Assignment - Reproduce exactly the lines below, from the first one through the line containing "A pesquisa será", and omit any pictures.

Data listing -
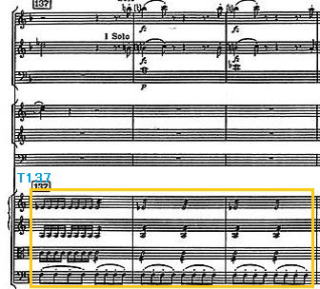 第2楽章の第3変奏の部分。第2変奏の短調の部分が終わって、主調に戻りsul ponticello を挟む部分。通常はT93からの第1vn.の部分から入ることが多いと思う。しかしここでは T85の第4変奏 の最初の部分から sul ponticello になっている。T93の弱奏と 強奏の部分との音量の対比が印象的。T100からのvc.のパートも sul ponticello で弾いているようだ。vc.の sul ponticello の音色は、今まで聞いたことがなかった。Solo のような奏者が1名だから、この音がよくわかるのか? 第3楽章 T32のvc.のパートもsoloの様に聞こえる。
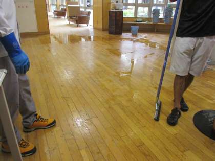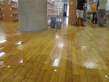 昨日の大雨により、学校一階のろうかや職員室に、水が入ってしまいました。今、教職員で、水を出したり吸い取ったりする作業をしています。
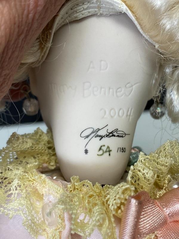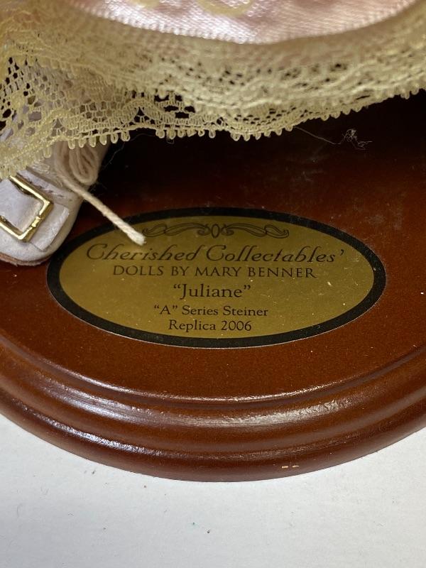"Juliane" by Mary Benner. Beautiful pale features with dark eyes. Pink Victorian style dress. Comes with a wood base stand. On the stand there is a label "Cherished Collectibles' Dolls by Mary Benner "Juliane" "A" Series Steiner Replica 2006" She is also signed and numbered. This doll is #54/150.
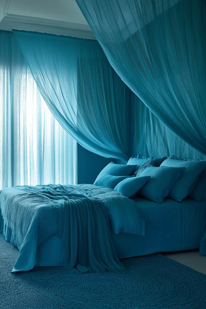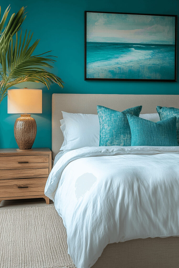 The Caribbean Blue Sanctuary bursts with vibrant calm, its deep turquoise walls paired with a whitewashed rattan bed draped in neutral linens, accented by silver coral figures. Sleek furniture balances the bold hue, while a woven rug softens the floor, grounding the marine vibe. A single abstract ocean print adds sophisticated art, fostering peace, and sheer cotton curtains filter light, amplifying the vibrant glow. A rattan chandelier glows warmly, enhancing the tropical allure. This sanctuary suits those who love colorful boho, offering a tropical bedroom where Caribbean waters inspire cozy tranquility.
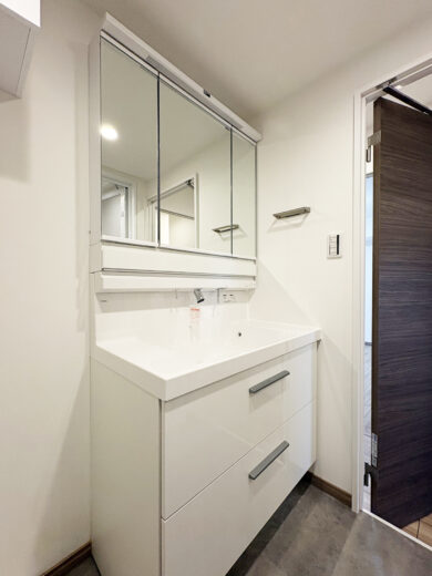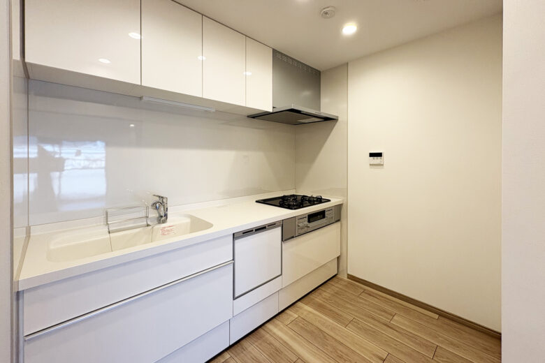 | リノベーション内容 | システムキッチン交換(食洗機付) / 洗面化粧台交換 / トイレ交換 / ユニットバス交換(1216サイズ・浴室乾燥機付) / 給湯器交換(追焚付) / 洗濯パン交換 / フローリング貼替 / フロアタイル貼替 / クロス貼替 / 照明器具交換 / 建具交換 / 専有部内給排水管更新 / ハウスクリーニング 等 |
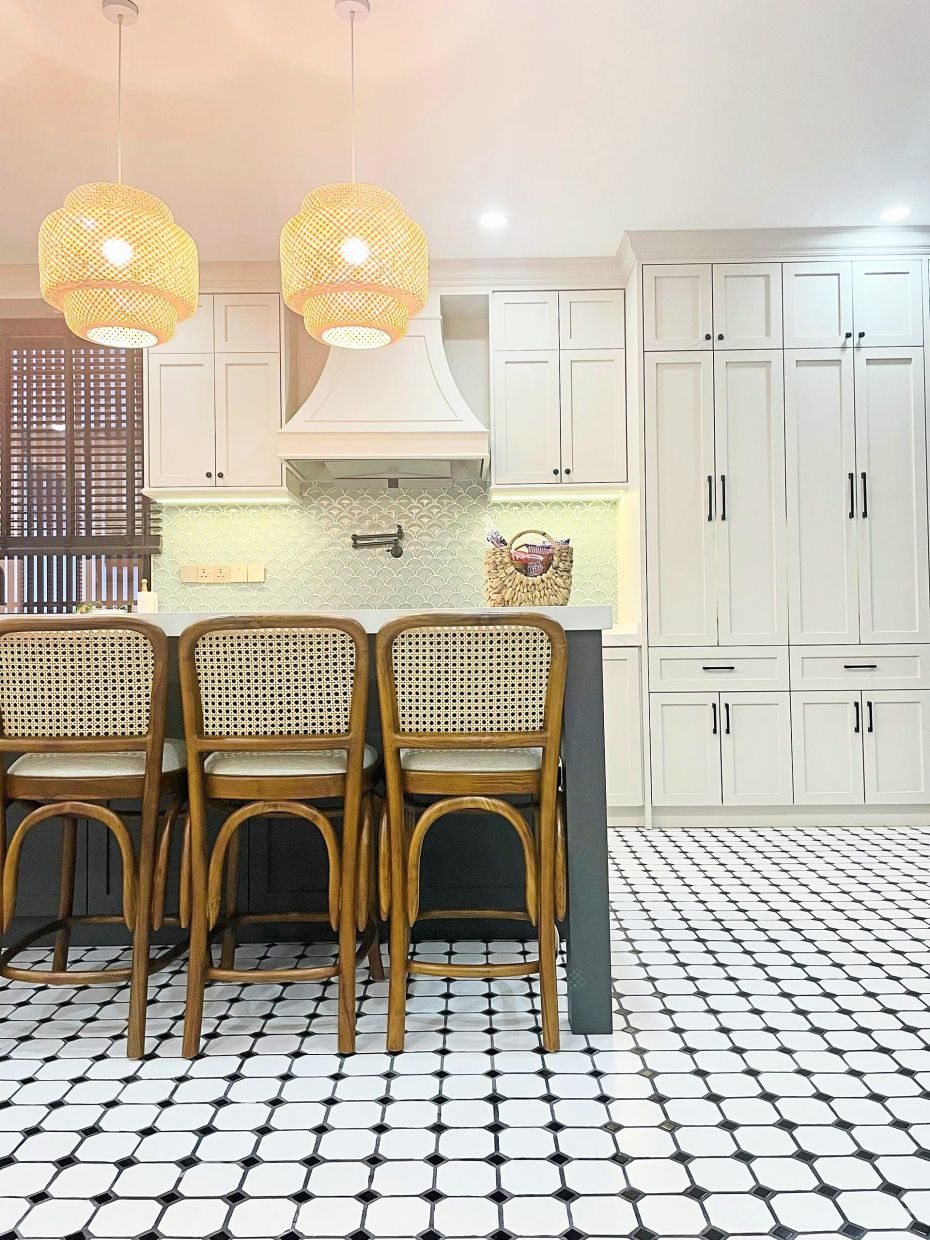 Black-and-white floor tiles and woven design elements are seen in the kitchen. Photos: ruma.kyra/Instagram
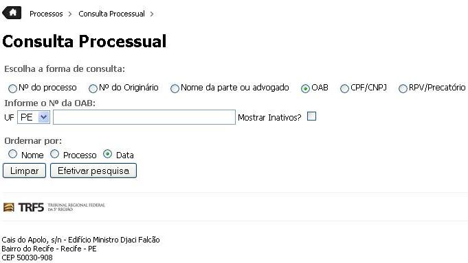 A pesquisa será realizada de acordo com a escolha da opção Nome da parte ou advogado,para pesquisar por Nome da parte ou advogado,basta escolher a opção Nome da parte ou advogado,posicionar o mouse no campo Nome da parte ou advogado e digitar seu Nome ou trecho do Nome o usuário poderá escolher a ordenação para a consulta as ordenações são.
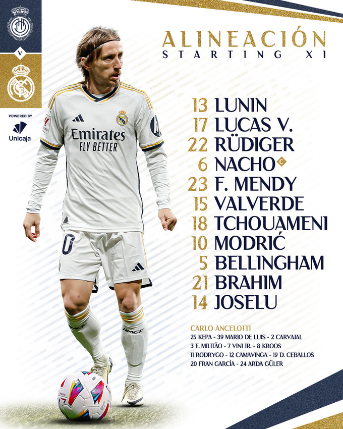 Наставник «Реала» Карло Анчелотті обрав стартовий склад, давши можливість деяким гравцям команди відпочити до наступного матчу ЛЧ проти «Манчестер Сіті». З перших хвилин вчергове зіграє український воротар Андрій Лунін, для якого це буде 26 матч у цьому сезоні у старті.
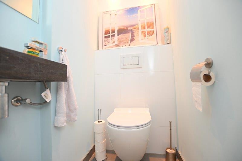 De moderne badkamer is voorzien van dubbele wastafel, spiegel en inloopdouche. Het toilet is gescheiden van de badkamer. Op de begane grond is tevens een berging aanwezig.
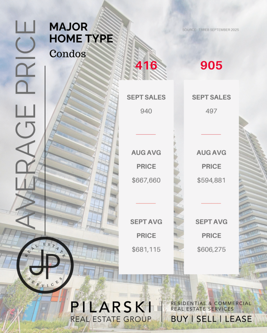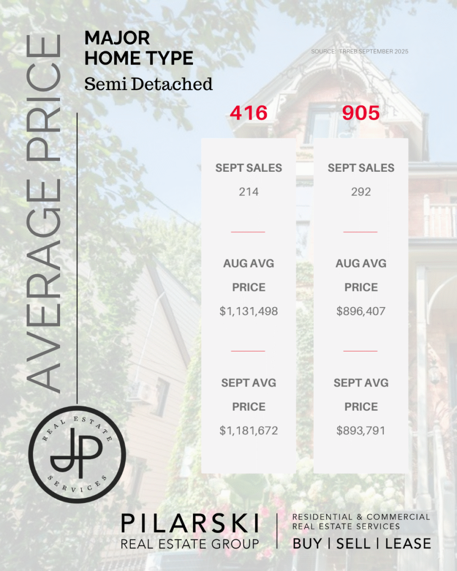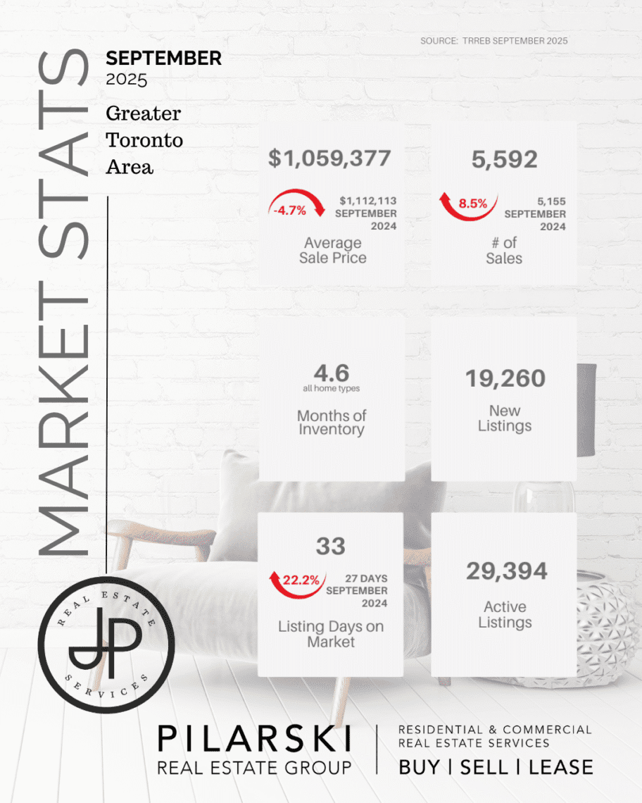 The Greater Toronto Area housing market showed renewed strength in September, with sales activity rising 8.5% compared to last year and 7.3% compared to August. The average selling price reached $1,059,377, supported by elevated inventory levels that continue to give buyers more negotiating power.

Finished exercise -
 第2楽章の第3変奏の部分。第2変奏の短調の部分が終わって、主調に戻りsul ponticello を挟む部分。通常はT93からの第1vn.の部分から入ることが多いと思う。しかしここでは T85の第4変奏 の最初の部分から sul ponticello になっている。T93の弱奏と 強奏の部分との音量の対比が印象的。T100からのvc.のパートも sul ponticello で弾いているようだ。vc.の sul ponticello の音色は、今まで聞いたことがなかった。Solo のような奏者が1名だから、この音がよくわかるのか? 第3楽章 T32のvc.のパートもsoloの様に聞こえる。
 昨日の大雨により、学校一階のろうかや職員室に、水が入ってしまいました。今、教職員で、水を出したり吸い取ったりする作業をしています。
"Juliane" by Mary Benner. Beautiful pale features with dark eyes. Pink Victorian style dress. Comes with a wood base stand. On the stand there is a label "Cherished Collectibles' Dolls by Mary Benner "Juliane" "A" Series Steiner Replica 2006" She is also signed and numbered. This doll is #54/150.
 The Caribbean Blue Sanctuary bursts with vibrant calm, its deep turquoise walls paired with a whitewashed rattan bed draped in neutral linens, accented by silver coral figures. Sleek furniture balances the bold hue, while a woven rug softens the floor, grounding the marine vibe. A single abstract ocean print adds sophisticated art, fostering peace, and sheer cotton curtains filter light, amplifying the vibrant glow. A rattan chandelier glows warmly, enhancing the tropical allure. This sanctuary suits those who love colorful boho, offering a tropical bedroom where Caribbean waters inspire cozy tranquility.
 | リノベーション内容 | システムキッチン交換(食洗機付) / 洗面化粧台交換 / トイレ交換 / ユニットバス交換(1216サイズ・浴室乾燥機付) / 給湯器交換(追焚付) / 洗濯パン交換 / フローリング貼替 / フロアタイル貼替 / クロス貼替 / 照明器具交換 / 建具交換 / 専有部内給排水管更新 / ハウスクリーニング 等 |
 Black-and-white floor tiles and woven design elements are seen in the kitchen. Photos: ruma.kyra/Instagram
 A pesquisa será realizada de acordo com a escolha da opção Nome da parte ou advogado,para pesquisar por Nome da parte ou advogado,basta escolher a opção Nome da parte ou advogado,posicionar o mouse no campo Nome da parte ou advogado e digitar seu Nome ou trecho do Nome o usuário poderá escolher a ordenação para a consulta as ordenações são.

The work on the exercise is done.